By contrast, one reason the Depression was Great was that business investment fell by more than 75% from 1929 to 1933 because capital had almost nonexistent cross-border mobility and even the soundest of corporate credits couldn't obtain long-term debt financing. That happening again today appears exceedingly unlikely.
So where does this leave us?
As we've just all learned, the famous PG Wodehouse character had it right when he said, "never confuse the unlikely with the impossible." Now that we've all seen shockingly unlikely events unfold, including the end of Wall Street as we knew it, what should we actually be doing?
Your answer depends on how uncertain you feel about the future.
If you feel that what we're going through is a "normal," albeit severe and protracted, recession, we know how to deal with that.
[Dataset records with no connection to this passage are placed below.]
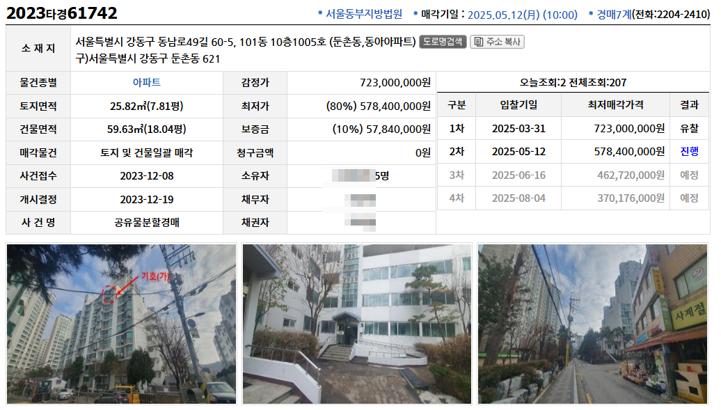 이 경매는 공유물 분할경매인데 이것은 형식상 경매로 해당 아파트의 지분권자들이 경매를 통해 자기 지분만큼 돈을 받아가기 위한 방법입니다. 이 물건은 아마도 상속 혹은 증여받은 상황에서 형제들끼리 지분 분할을 위해 하는 경매로 보입니다. 그렇게 생각하는 이유는 소유자, 채무자, 채권자 성이 모두 같아서 그렇게 추측하는 것입니다.
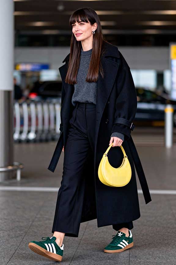 A black tie-waist coat creates a clean, elongated silhouette while subtly defining the waist, keeping the look sharp but relaxed. The dark grey sweater softens the outfit and adds depth without breaking the neutral palette. Black wide-leg pants balance the structured coat with an effortless, modern drape that feels comfortable for all-day wear. Dark green sneakers introduce a sporty, unexpected contrast that keeps the outfit from feeling too formal. A yellow shoulder bag adds a pop of color, instantly making the look feel fresh, confident, and city-ready.
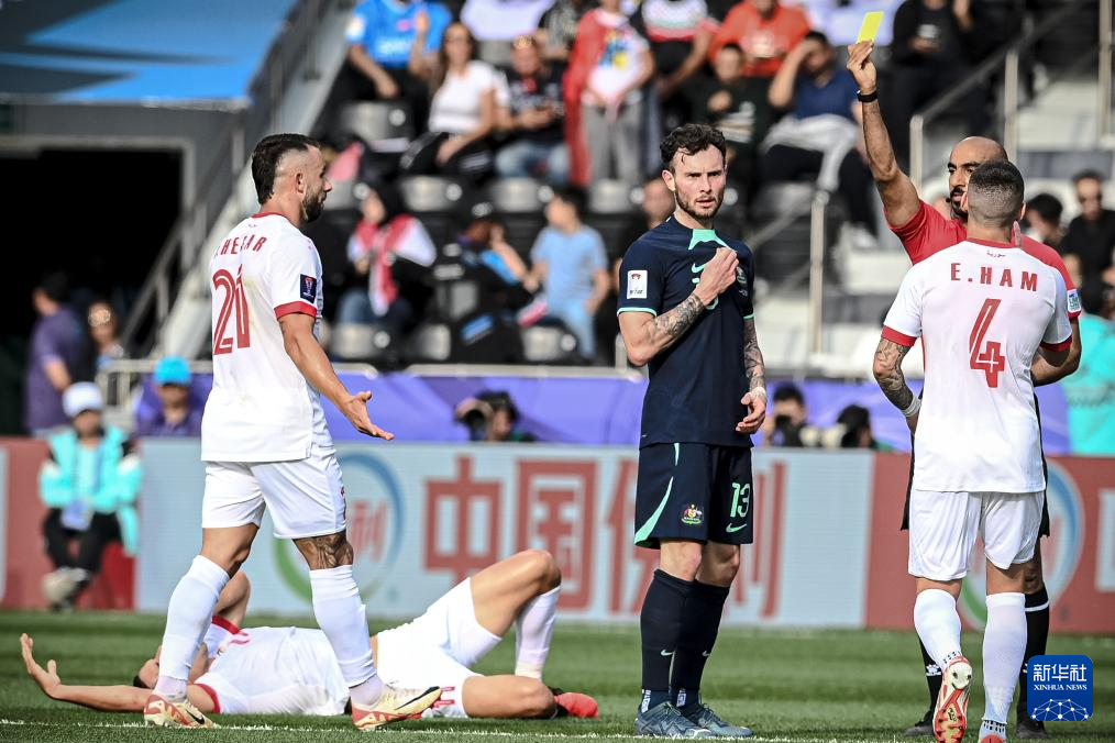1月18日,澳大利亚队球员艾登·奥尼尔(中)在比赛中被主裁判出示黄牌。新华社记者 江汉 摄
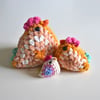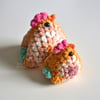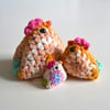 The Plush Granny Square Chicken is crocheted using two simple granny squares. It comes in two sizes so you can create a Mother Hen and a Baby Chick. It is designed using super bulky weight 6 chenille velvet yarn but it can also be made using thinner yarns in cotton or acrylic. This versatile pattern allows for endless yarn color combinations, and can be crocheted using yarn scraps so it’s suitable as a stashbuster project. There are many ways to customize and make use of this amigurumi, such as adding a keyring to turn it into a keychain, or stuffing it with a satchel of lavender to make it into a soothing scent sachet for your car, office, or room. It will add some rustic, farmhouse charm to your life! This pattern is great to make as a gift for your friends and family, as well as a product to sell at craft fairs. It’s the perfect market prep pattern to work up as it’s relatively quick, easy, and an attention grabber!
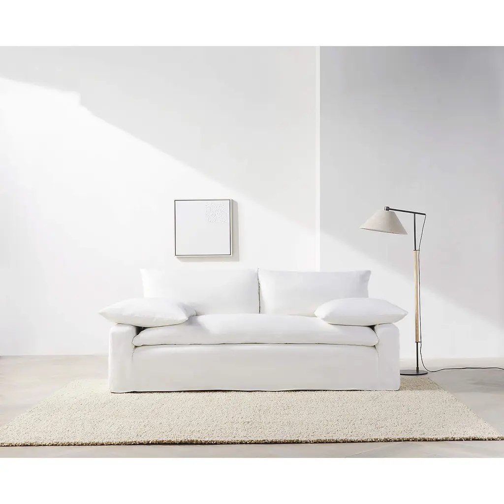 Ever at the ready for everyday life, this welcoming sofa exemplifies designer Leanne Ford's relaxed aesthetic. Floating a pillow seat on a broad bench backed with settle-in cushions, the sofa invites catnaps and family hangouts. The casual slipcover is made of a machine-washable and stain-repellent fabric that adds to the easy-living vibe. Designed for kicking back, Ever restores its company-ready looks with a quick fluff of the cushions and swipe of the "comfort wrinkles."
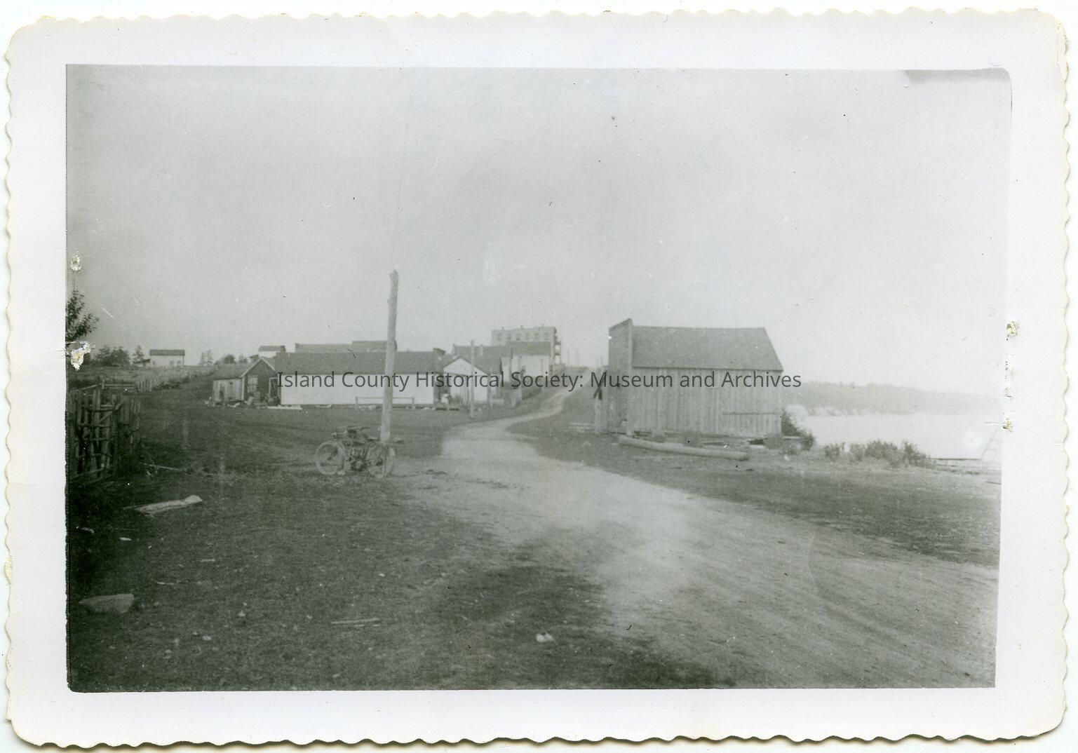 Photo of a dirt road in San de Fuca with some buildings and telephone pole along the coast. A bicycle is leaning against the telephone pole. The Benson Hotel is at the top of the hill on the left. Penn Cove is on the right. Written on the back: The bend in the road at San de Fuca. Before the new highway. Chris Fisher store on right.
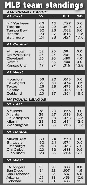 Verlander (7-2) allowed one run on six hits and two walks while throwing a season-high 108 pitches. Kyle Tucker and Jeremy Pena hit RBI singles for the Astros, and Yordan Alvarez added a two-run homer. Ryan Pressly pitched a perfect ninth inning, fanning two, for his 11th save.
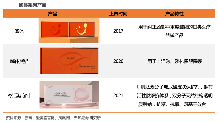 經典案例:根據新氧、愛美客官網、鳳凰網、天風證券研究所等綜合資訊表明,愛美客嗨體系列立足市場空缺( 頸紋)或 稀缺性( 眼周 /合規 水光)領 域,差異化推新相繼上市嗨體、嗨體熊貓、冭活泡泡針產品,該系列產品主要由透明質酸鈉、L-肌肽、甘氨酸、丙氨酸、脯氨酸、維生素 B2 和注射用水組成,多組分在滋養的同時可通過提升成纖維細 胞膠原分泌能力達成祛皺緊致等功效。
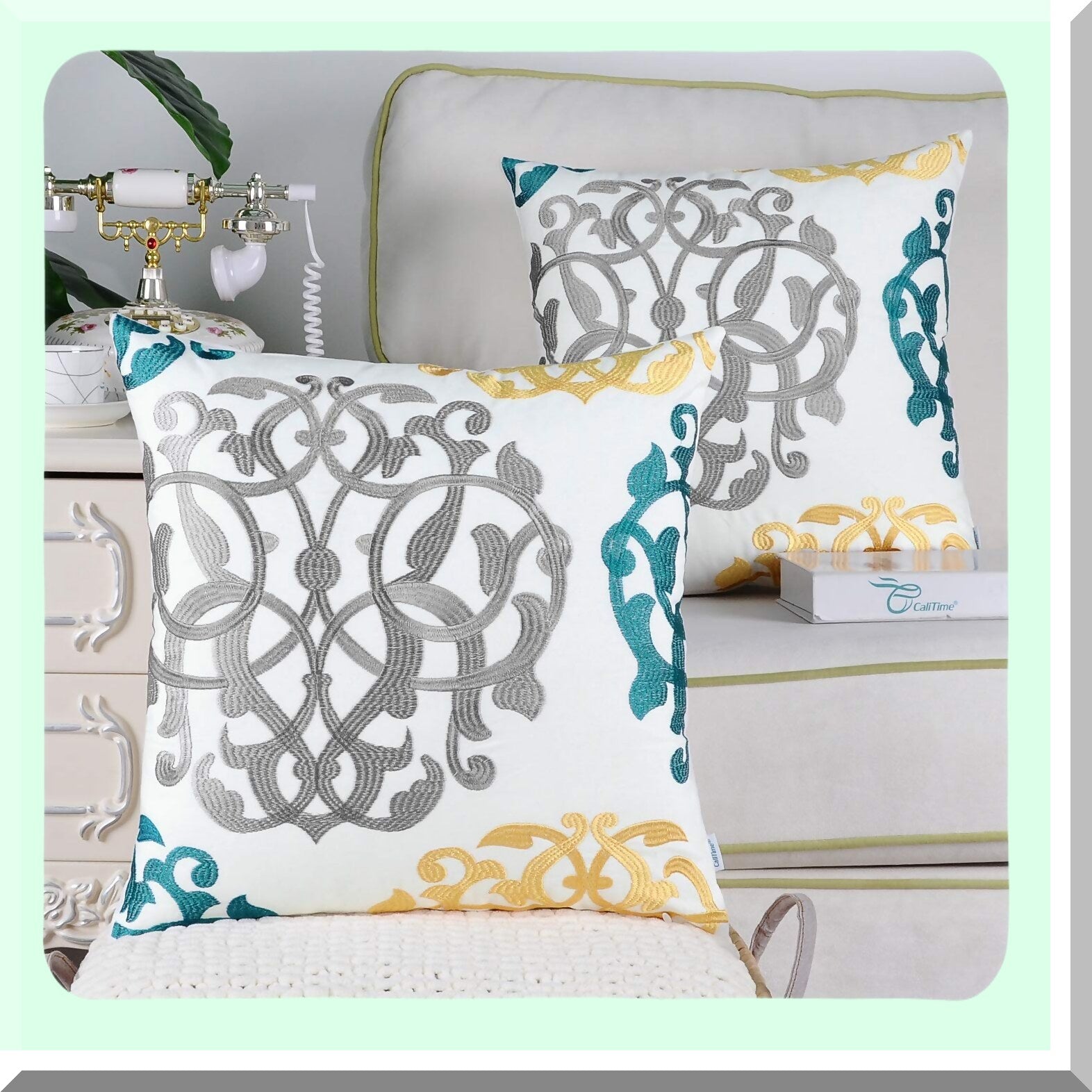 Vintage Geometric Floral Embroidered Throw Pillow Covers - Set of 2 Cotton Cushion Cases for Couch Bed Sofa - Farmhouse Decor 18x18 Grey/Teal/Gold
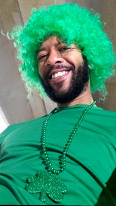 A man poses for a photo in a festive green wig and outfit, complete with shamrock accessories.
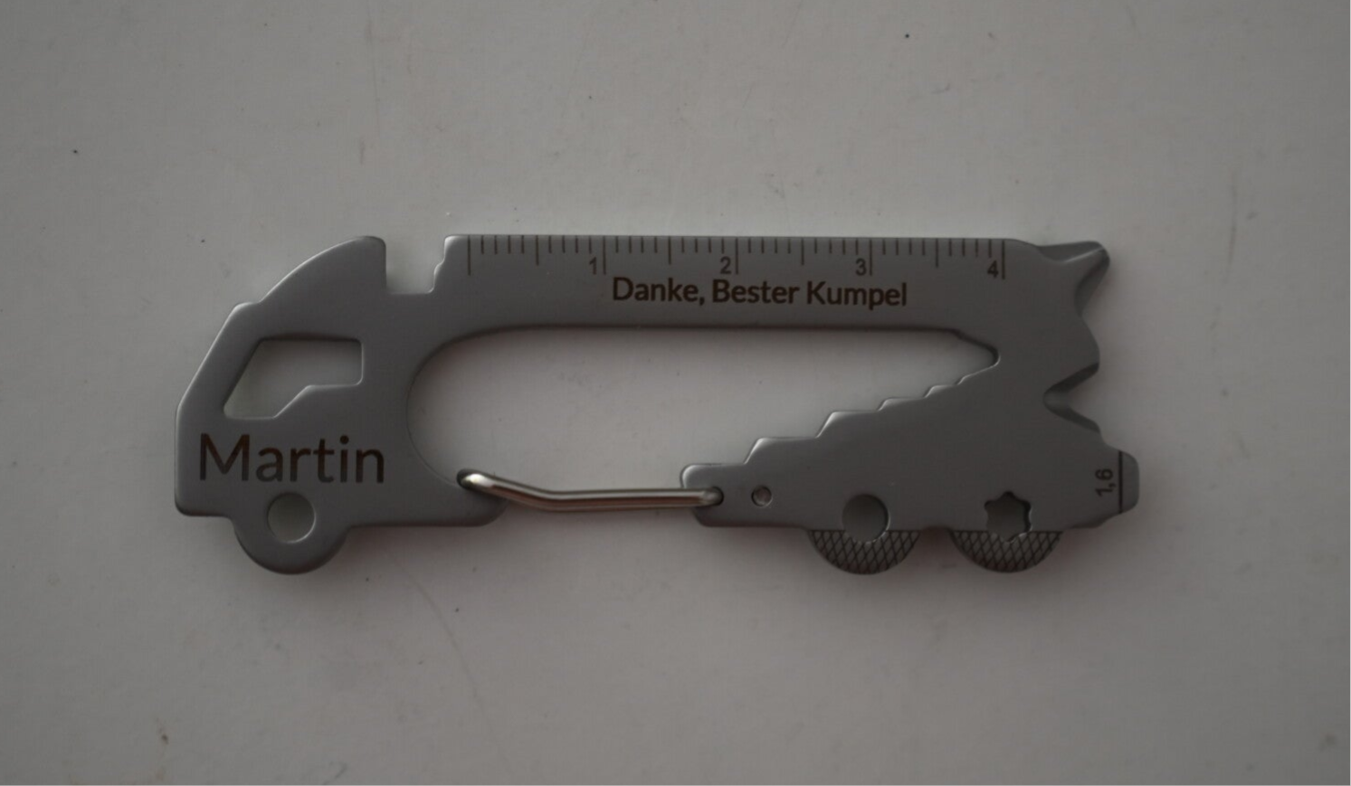 Entdecken Sie unser einzigartiges Multitool mit Karabiner der Firma ROMINOX® in Form eines LKWs, gefertigt aus hochwertigem, langlebigem Edelstahl. Mit insgesamt 22 praktischen Funktionen ist dieses Tool der perfekte Begleiter für unterwegs, beim Camping, im Auto oder im Haushalt.

Pull in your horns, sit tight, control costs rigorously, and wait for the legal industry (a lagging industry) to pull out after the real economy does.
If on the other hand you feel that we're experiencing a generational or once-in-a-career change in the way high-end legal services are bought and sold, then you need to stand on tiptoes, rather like a sprinter entering the blocks at the starting line of a race, prepared to bolt forward as soon as there's clarity enough (in your mind) to think the starter's pistol has fired. This does not mean you need to be inattentive to costs, any more than sprinters are inattentive to weight, or complacent about your current exalted standings. At the starting line, you have no standing; all are equal, at 0:00.
This is where I actually think we are. We are all about to begin running a new race, one where incumbency will count for far less than it used to, and where a premium will be put on agility, speed, and foresight. Because this race, once the starter's pistol fires, will be run in heavy fog, with visibility just yards down the track and the positions of your competitors, be they ahead of or behind you, difficult to discern moment to moment. But the time to start training, to make your firm more agile and alert and responsive, is now.